Exercise →
Extract the lines from the first line of the records below through the line containing "Department of Indian", inclusive, and reproduce them exactly as written.
Segment Start: The data
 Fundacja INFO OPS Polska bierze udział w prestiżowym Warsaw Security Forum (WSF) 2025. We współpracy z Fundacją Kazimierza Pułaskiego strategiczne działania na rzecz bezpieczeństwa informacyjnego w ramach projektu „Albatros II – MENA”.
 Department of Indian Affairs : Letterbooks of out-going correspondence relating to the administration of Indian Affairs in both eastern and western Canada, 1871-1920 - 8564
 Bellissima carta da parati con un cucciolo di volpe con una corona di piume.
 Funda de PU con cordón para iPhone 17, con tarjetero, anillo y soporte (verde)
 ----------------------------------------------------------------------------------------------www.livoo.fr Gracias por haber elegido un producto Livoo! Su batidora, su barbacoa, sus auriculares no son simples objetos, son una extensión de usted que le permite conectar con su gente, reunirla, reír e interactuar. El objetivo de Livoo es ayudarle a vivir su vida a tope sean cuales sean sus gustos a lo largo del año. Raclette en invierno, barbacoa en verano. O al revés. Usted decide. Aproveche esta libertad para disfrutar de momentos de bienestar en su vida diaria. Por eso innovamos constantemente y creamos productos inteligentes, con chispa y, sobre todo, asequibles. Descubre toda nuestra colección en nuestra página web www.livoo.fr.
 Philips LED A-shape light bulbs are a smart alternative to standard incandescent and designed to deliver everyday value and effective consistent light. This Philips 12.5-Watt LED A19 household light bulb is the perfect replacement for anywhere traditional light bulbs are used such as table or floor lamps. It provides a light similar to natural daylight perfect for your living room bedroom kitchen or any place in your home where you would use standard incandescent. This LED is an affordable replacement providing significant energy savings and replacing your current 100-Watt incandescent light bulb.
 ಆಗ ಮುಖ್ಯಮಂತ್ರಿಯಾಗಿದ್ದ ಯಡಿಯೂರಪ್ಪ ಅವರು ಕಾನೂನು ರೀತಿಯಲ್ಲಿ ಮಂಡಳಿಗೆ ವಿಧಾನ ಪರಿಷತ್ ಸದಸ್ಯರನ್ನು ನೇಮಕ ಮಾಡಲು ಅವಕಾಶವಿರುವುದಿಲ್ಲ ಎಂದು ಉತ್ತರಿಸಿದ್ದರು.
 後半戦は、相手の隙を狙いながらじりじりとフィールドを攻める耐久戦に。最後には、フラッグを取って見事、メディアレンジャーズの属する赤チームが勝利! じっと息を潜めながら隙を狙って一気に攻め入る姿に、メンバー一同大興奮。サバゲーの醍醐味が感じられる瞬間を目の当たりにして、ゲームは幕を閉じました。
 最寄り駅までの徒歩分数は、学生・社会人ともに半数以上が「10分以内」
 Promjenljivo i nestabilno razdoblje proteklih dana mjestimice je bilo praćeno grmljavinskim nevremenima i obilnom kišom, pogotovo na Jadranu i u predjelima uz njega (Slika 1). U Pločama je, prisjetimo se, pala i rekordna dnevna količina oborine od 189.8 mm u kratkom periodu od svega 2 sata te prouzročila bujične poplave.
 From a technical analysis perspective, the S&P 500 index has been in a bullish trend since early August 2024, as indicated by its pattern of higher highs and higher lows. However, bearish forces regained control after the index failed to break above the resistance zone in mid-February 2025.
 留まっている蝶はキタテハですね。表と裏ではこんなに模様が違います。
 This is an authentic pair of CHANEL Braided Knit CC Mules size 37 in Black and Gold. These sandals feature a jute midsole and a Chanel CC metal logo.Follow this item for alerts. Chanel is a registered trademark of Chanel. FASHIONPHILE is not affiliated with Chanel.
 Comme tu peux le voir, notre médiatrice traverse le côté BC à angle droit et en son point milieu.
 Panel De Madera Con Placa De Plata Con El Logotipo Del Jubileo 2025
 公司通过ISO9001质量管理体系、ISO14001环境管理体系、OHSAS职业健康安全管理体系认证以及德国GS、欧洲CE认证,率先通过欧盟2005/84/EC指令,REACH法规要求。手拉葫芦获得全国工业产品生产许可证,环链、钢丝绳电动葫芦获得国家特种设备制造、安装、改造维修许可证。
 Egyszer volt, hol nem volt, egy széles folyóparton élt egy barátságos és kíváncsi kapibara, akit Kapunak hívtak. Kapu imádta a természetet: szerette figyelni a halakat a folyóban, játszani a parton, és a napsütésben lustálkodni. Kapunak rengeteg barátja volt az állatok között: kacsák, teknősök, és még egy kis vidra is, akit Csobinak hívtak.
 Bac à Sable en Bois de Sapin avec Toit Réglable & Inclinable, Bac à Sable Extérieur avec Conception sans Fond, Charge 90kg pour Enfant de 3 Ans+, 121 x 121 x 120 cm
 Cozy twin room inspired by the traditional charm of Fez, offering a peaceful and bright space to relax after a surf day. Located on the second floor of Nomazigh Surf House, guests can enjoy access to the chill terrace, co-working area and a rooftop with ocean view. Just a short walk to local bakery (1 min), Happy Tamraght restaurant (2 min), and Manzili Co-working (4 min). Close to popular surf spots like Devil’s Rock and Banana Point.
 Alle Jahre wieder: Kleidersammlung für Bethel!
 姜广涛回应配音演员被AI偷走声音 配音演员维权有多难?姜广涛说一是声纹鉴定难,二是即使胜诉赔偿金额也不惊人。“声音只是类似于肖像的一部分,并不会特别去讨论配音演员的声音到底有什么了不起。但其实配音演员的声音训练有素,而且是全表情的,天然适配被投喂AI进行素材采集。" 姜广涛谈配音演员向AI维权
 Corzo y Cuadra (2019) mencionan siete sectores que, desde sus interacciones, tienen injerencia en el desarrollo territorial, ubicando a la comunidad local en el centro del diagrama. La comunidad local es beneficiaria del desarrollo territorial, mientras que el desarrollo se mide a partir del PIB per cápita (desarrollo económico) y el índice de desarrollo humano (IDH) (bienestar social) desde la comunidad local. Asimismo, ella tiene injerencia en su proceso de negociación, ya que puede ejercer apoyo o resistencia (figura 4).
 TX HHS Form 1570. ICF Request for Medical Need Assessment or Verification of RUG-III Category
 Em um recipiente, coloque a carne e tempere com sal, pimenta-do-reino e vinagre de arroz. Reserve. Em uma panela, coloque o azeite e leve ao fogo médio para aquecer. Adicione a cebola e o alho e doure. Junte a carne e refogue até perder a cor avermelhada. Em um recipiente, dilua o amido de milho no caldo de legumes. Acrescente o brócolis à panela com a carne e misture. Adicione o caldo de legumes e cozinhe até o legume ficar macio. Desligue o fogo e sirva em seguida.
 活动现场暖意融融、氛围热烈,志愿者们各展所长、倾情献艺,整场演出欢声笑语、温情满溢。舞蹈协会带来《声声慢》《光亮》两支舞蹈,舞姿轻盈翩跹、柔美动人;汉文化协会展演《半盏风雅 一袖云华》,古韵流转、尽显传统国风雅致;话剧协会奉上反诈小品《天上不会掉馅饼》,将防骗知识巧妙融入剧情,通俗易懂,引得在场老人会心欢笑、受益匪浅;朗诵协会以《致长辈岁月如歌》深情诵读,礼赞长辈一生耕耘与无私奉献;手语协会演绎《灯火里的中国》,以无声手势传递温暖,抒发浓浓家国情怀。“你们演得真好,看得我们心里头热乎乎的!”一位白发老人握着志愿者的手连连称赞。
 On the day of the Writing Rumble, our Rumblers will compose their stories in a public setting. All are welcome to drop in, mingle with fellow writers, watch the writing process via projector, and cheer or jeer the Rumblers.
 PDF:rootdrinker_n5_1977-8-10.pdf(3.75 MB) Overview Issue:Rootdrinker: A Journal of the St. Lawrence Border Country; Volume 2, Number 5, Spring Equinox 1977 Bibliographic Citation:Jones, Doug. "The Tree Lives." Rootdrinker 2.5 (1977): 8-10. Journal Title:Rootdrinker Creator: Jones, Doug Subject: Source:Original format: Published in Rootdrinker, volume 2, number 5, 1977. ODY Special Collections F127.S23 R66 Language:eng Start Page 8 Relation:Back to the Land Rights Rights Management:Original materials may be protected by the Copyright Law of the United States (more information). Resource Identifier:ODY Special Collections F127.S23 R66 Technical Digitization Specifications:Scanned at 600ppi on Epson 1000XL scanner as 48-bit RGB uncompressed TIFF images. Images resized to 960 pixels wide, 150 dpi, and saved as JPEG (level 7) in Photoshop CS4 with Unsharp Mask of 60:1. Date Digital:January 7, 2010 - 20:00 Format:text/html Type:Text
Segment End: The data
Response to the exercise →
 Fundacja INFO OPS Polska bierze udział w prestiżowym Warsaw Security Forum (WSF) 2025. We współpracy z Fundacją Kazimierza Pułaskiego strategiczne działania na rzecz bezpieczeństwa informacyjnego w ramach projektu „Albatros II – MENA”.
 Department of Indian Affairs : Letterbooks of out-going correspondence relating to the administration of Indian Affairs in both eastern and western Canada, 1871-1920 - 8564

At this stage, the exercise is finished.